Cllr Davies, added: “Based on the projections the overspend position would be financed from the general fund reserve, with the assurance around the delivery of savings the impact of the general fund would be £4.860million.”

A number of services have been flagged up as RED, meaning that they are at a critical risk of not balancing their books,

One of the services that is having an impact of the budget is Children’s Services, with its budget now expected to go over £5.276million by a further £1.375million.

The report says that many posts in the department are still being covered by agency staff at a higher cost if this continues it would add nearly an extra £1million  to its budget.

A projected overspend of over £2million is also expected in the Highways, Transport and 
Recycling Departments.

This is being partly blamed on the continual rise of fuel costs.

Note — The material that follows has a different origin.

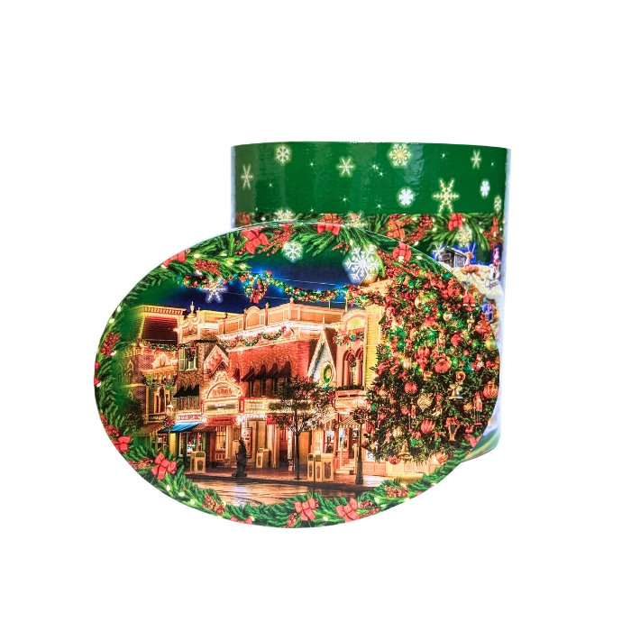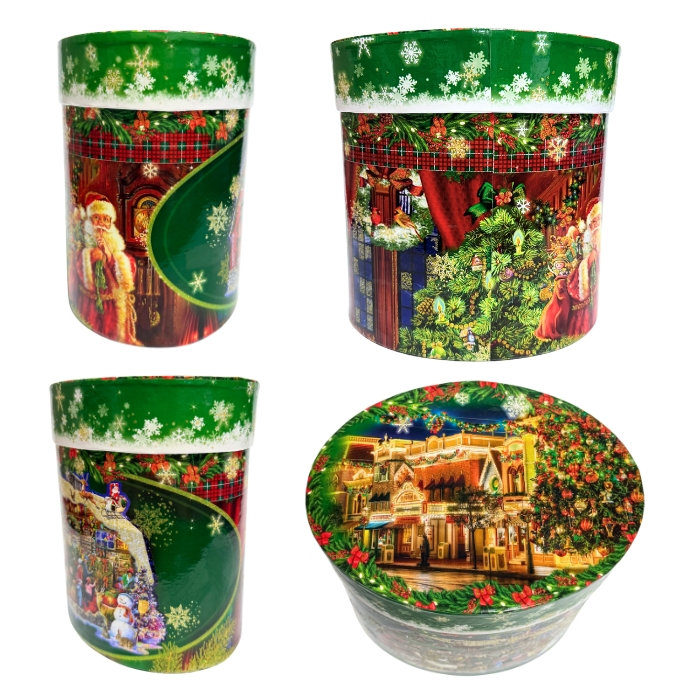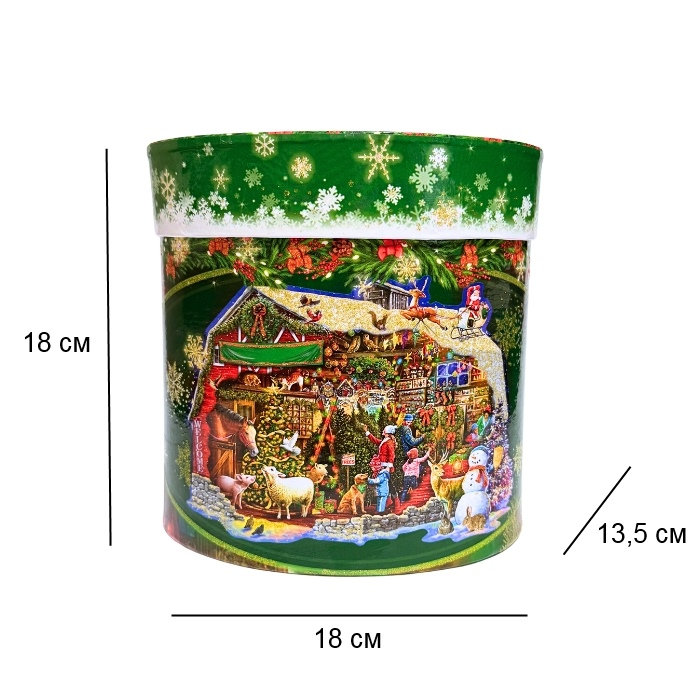 Новорічна коробка у вигляді тубуса зеленого кольору об’ємом 1000 г — стильне пакування для солодких подарунків, сувенірів чи інших святкових дрібниць. Міцний картон надійно захищає вміст, а яскравий святковий дизайн створює новорічний настрій та приваблює увагу. Така упаковка ідеально підходить для корпоративних подарунків, привітань близьких або оформлення святкового столу.

Changes to the way Council Tax has been collected where a premium of 50 per cent has been charged on properties that are periodically occupied, ie holiday homes/second homes and long-term empty properties is supposed to have collected an extra £700,000 for Central Activities.

It had been thought that the changes would make £1million for the department, which is now projected to end the financial year £1.3million over budget.

Head of Financial Services, Jane Thomas said: “The position projected at the end of July reports a higher level of projected expenditure than that reported for June and although some assurance has been provided that savings for some directorates will be delivered the overall positions remains in an overspend position.”